Colorectal cancer and advanced adenoma characteristics according to causative mismatch repair gene variant in Japanese colorectal surveillance for Lynch syndrome.

机构信息

Department of Gastroenterology, Cancer Institute Hospital, Japanese Foundation for Cancer Research, 3-8-31 Ariake, Koto-hu, Tokyo, 138-8550, Japan.
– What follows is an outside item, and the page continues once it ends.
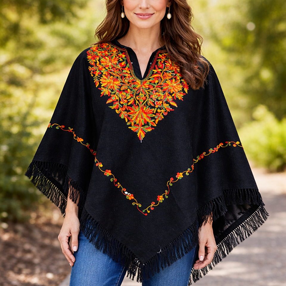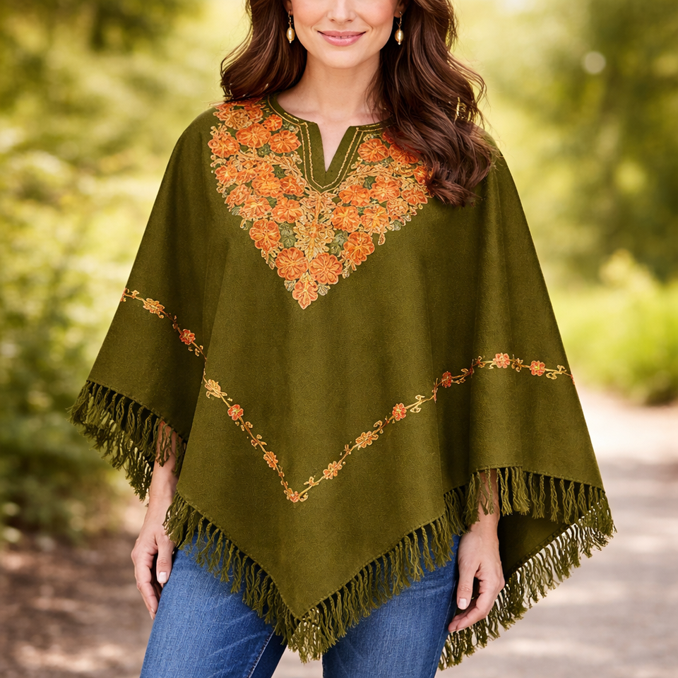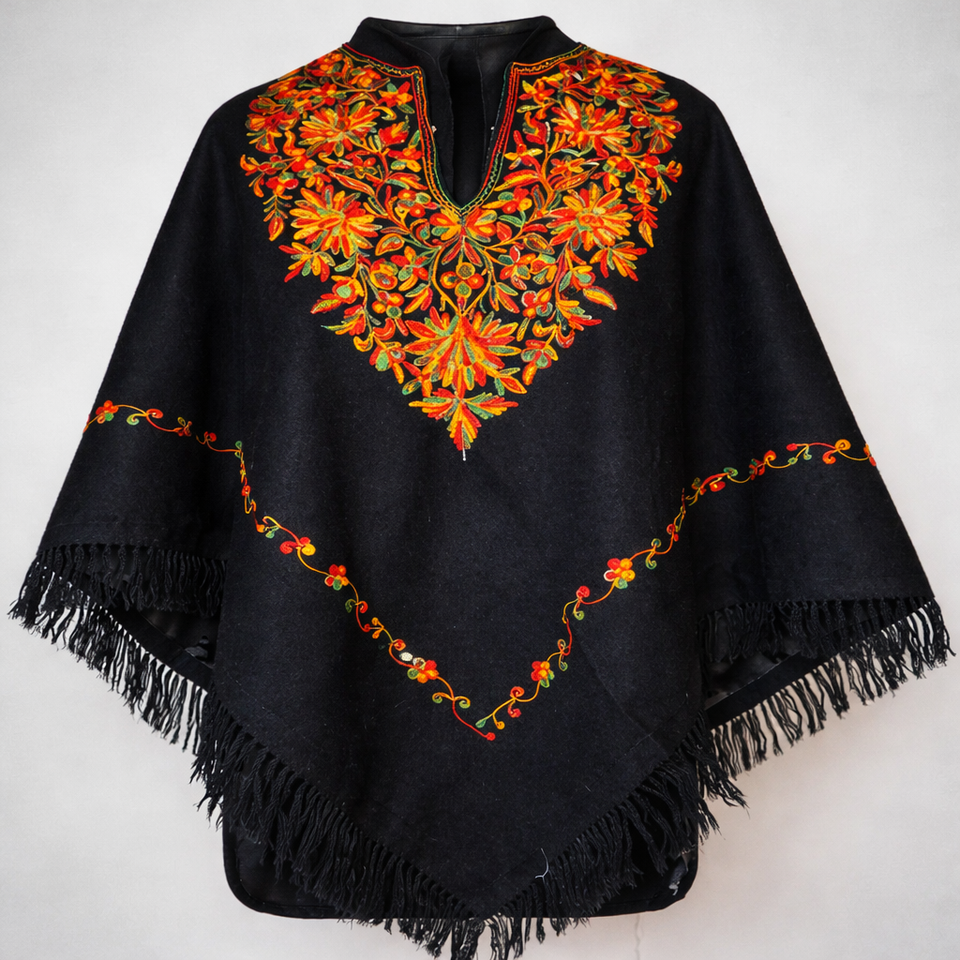 Auténtico chal de lana bordado a mano de Cachemira, ecológico y respetuoso con el medio ambiente | Elegante Pañuelo Floral Aari | Estola de Invierno Premium con Sensación de Pashmina para

The Committee of Hereditary Colorectal Cancer, Japanese Society for Cancer of the Colon and Rectum, Tokyo, Japan.

出版信息

J Gastroenterol. 2024 Aug;59(8):699-708. doi: 10.1007/s00535-024-02128-5. Epub 2024 Jun 21.

Abstract

BACKGROUND

The optimal interval of colonoscopy (CS) surveillance in cases with Lynch syndrome (LS), and stratification according to the causative mismatch repair gene mutation, has received much attention. To verify a feasible and effective CS surveillance strategy, we investigated the colorectal cancer (CRC) incidence at different intervals and the characteristics of precancerous colorectal lesions of LS cases.

METHODS

This retrospective multicenter study was conducted in Japan. CRCs and advanced adenomas (AAs) in 316 LS cases with germline pathogenic variants (path_) were analyzed according to the data of 1,756 registered CS.

RESULTS

The mean time interval for advanced CRCs (ACs) detected via CS surveillance was 28.7 months (95% confidence interval: 13.8-43.5). The rate of AC detection within (2.1%) and beyond 2 years (8.7%) differed significantly (p = 0.0003). AAs accounted for 43%, 46%, and 41% of lesions < 10 mm in size in the MLH1-, MSH2-, and MSH6-groups, respectively. The lifetime incidence of metachronous CRCs requiring intestinal resection for path_MLH1, path_MSH2, and path_MSH6 cases was 34%, 23%, and 14% in these cases, respectively. The cumulative CRC incidence showed a trend towards a 10-year delay for path_MSH6 cases as compared with that for path_MLH1 and path_MSH2 cases.

CONCLUSIONS

In cases with path_MLH1, path_MSH2, and path_MSH6, maintaining an appropriate CS surveillance interval of within 2 years is advisable to detect of the colorectal lesion amenable to endoscopic treatment. path_MSH6 cases could be stratified with path_MLH1 and MSH2 cases in terms of risk of metachronous CRC and age of onset.

摘要

背景

林奇综合征(LS)患者行结肠镜检查(CS)的最佳监测间隔时间,以及根据致病错配修复基因突变进行分层,一直备受关注。为了验证一种可行且有效的 CS 监测策略,我们研究了不同监测间隔时间 LS 患者结直肠癌(CRC)的发生率和癌前结直肠病变的特征。

方法

这是一项在日本进行的回顾性多中心研究。根据 1756 例已注册 CS 的资料,对 316 例携带种系致病性变异(path_)的 LS 患者的 CRC 和高级腺瘤(AA)进行分析。

结果

通过 CS 监测发现的晚期 CRC(AC)的平均时间间隔为 28.7 个月(95%置信区间:13.8-43.5)。在 2 年内(2.1%)和超过 2 年(8.7%)检测到 AC 的比例有显著差异(p = 0.0003)。在大小<10mm 的病变中,AA 分别占 MLH1-、MSH2-和 MSH6-组的 43%、46%和 41%。path_MLH1、path_MSH2 和 path_MSH6 患者需要肠切除的 MLH1、MSH2 和 MSH6 病例的异时性 CRC 的终生发生率分别为 34%、23%和 14%。CRC 累积发生率显示,path_MSH6 病例比 path_MLH1 和 path_MSH2 病例的 CRC 发病时间延迟了 10 年。

结论

在 path_MLH1、path_MSH2 和 path_MSH6 患者中,建议将 CS 监测间隔保持在 2 年内,以便发现可进行内镜治疗的结直肠病变。path_MSH6 病例可以与 path_MLH1 和 MSH2 病例一起根据异时性 CRC 的风险和发病年龄进行分层。